The McGill community will attempt to break a Guinness World Record on August 28 by creating an 11,000-12,00-pound fruit salad, the largest fruit salad in the world. New and old students will join volunteer members from all parts of the McGill community to create the gigantic record-breaking salad, 60 per cent of which is destined to charity organizations.
On Aug. 28, on Lower Campus, volunteers from the McGill community will attempt to create the world's largest fruit salad. / Photo: Pink Sherbet Photography

By Neale McDevitt

For Oliver de Volpi, the biggest fear he has these days is that, on Aug. 28, the Guinness Book of World Records adjudicator will put on his best Maxwell Smart voice and announce, “That’s the second-biggest fruit salad I’ve ever seen.”

De Volpi, McGill’s Executive Chef is one of the people spearheading McGill’s attempt to break the Guinness Book of World Records for largest fruit salad ever created. It is an initiative De Volpi can sink his teeth into. “Not only is this going to be a really fun event that brings together students, staff and faculty from across the McGill community, in the end, it will benefit a host of local charities.”

The Guinness Book of World Records’ title of largest fruit salad – at 10,400 pounds – is currently held by California State University at Fresno. The goal for the McGill salad is between 11,000-12,000 pounds.

More than 250 volunteers will face the challenge of chopping more than 5,000 pounds of watermelon, 1,300 pounds of cantaloupe, 1,000 pounds of honeydew, 2,250 pounds of pineapple, 220 pounds of apples and 360 pounds of strawberries, among other components. The team will start chopping at 12:30 at the Parents’ Tent on Lower Campus.

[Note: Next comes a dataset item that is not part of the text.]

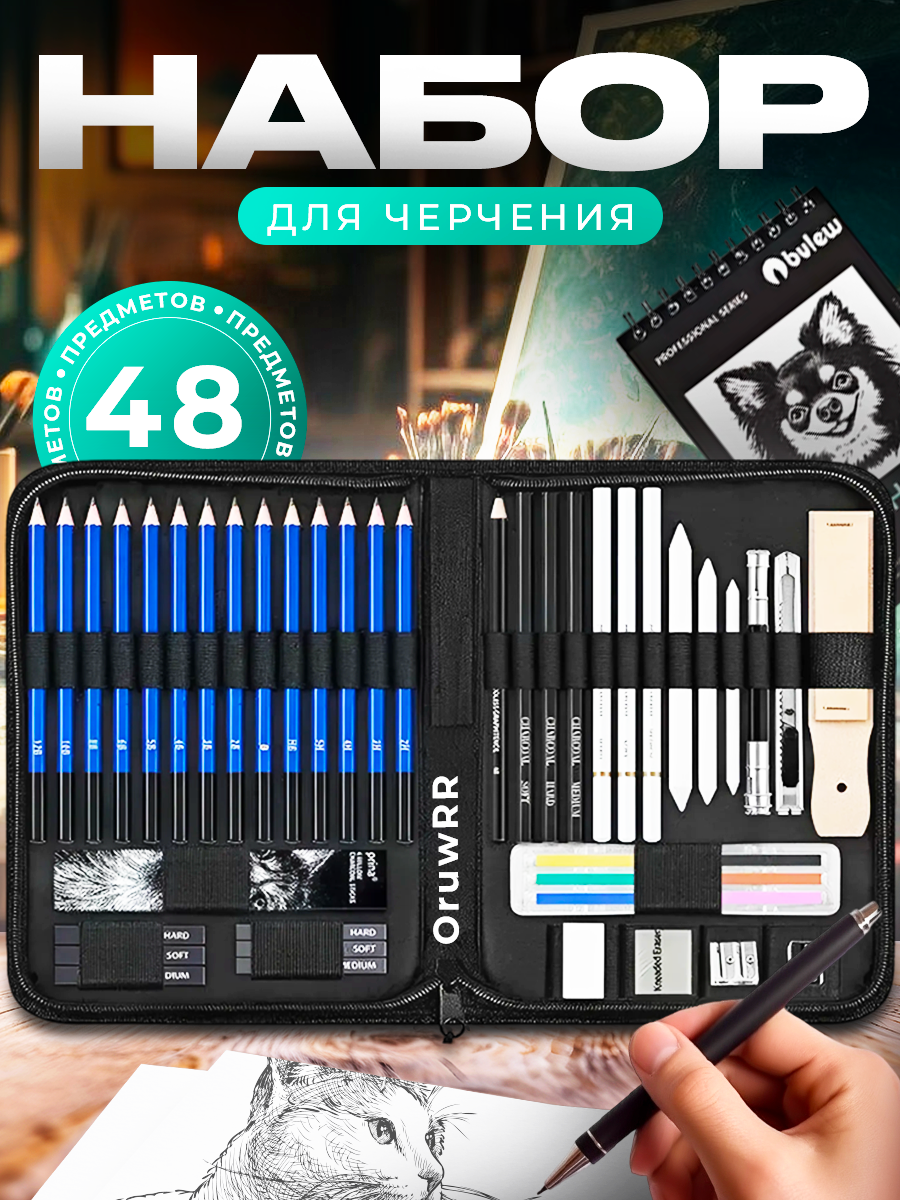 10 цен на Художественный набор для рисования, черчения, набросков. с эскизным блокнотом.

The salad will be put together in a small swimming pool on a large platform and at 5:30 the Guinness World Records adjudicator will preside over the official weigh-in.

To minimize the carbon footprint, more than 50 per cent of the fruit will be harvested from the farm at McGill’s own Macdonald Campus, home of the Faculty of Agricultural and Environmental Sciences and the School of Dietetics and Human Nutrition.

De Volpi says that the exposure Mac farm will garner because of this event is a good thing. “We try to promote the importance and benefits of eating locally to our students and what better way for them to sample Mac produce?”

And for any who are tempted to raise a hue and cry about the waste produced by such an endeavour, De Volpi would tell them not to cry over spilt fruit salad – because there won’t be any.

“Right from the outset, the goal has always been zero waste. Once we’re done, we’re handing out the salad to everyone at the event, many of whom will be first-year students and their friends and families,” says De Volpi. “The rest of the salad – thousands of pounds of it – is going to be donated to some 10 local missions, including Old Brewery Mission, Welcome Hall Mission, Meals on Wheels and Dans la Rue. It will feed people who don’t always get the chance to eat fresh local fruit.”

Every bit of waste – including peels, rinds and even the cups the fruit salad will be served in – will be composted, some by McGill’s own Big Hanna industrial composter and the rest by the City of Montreal. “When I say zero waste, I mean none,” says De Volpi. “We’re not even planning to put extra garbage cans on site.”

The event, led by McGill Food and Dining Services, in collaboration with a myriad of partners, is part of McGill Orientation Week, which runs from Aug. 25 to Sept. 2.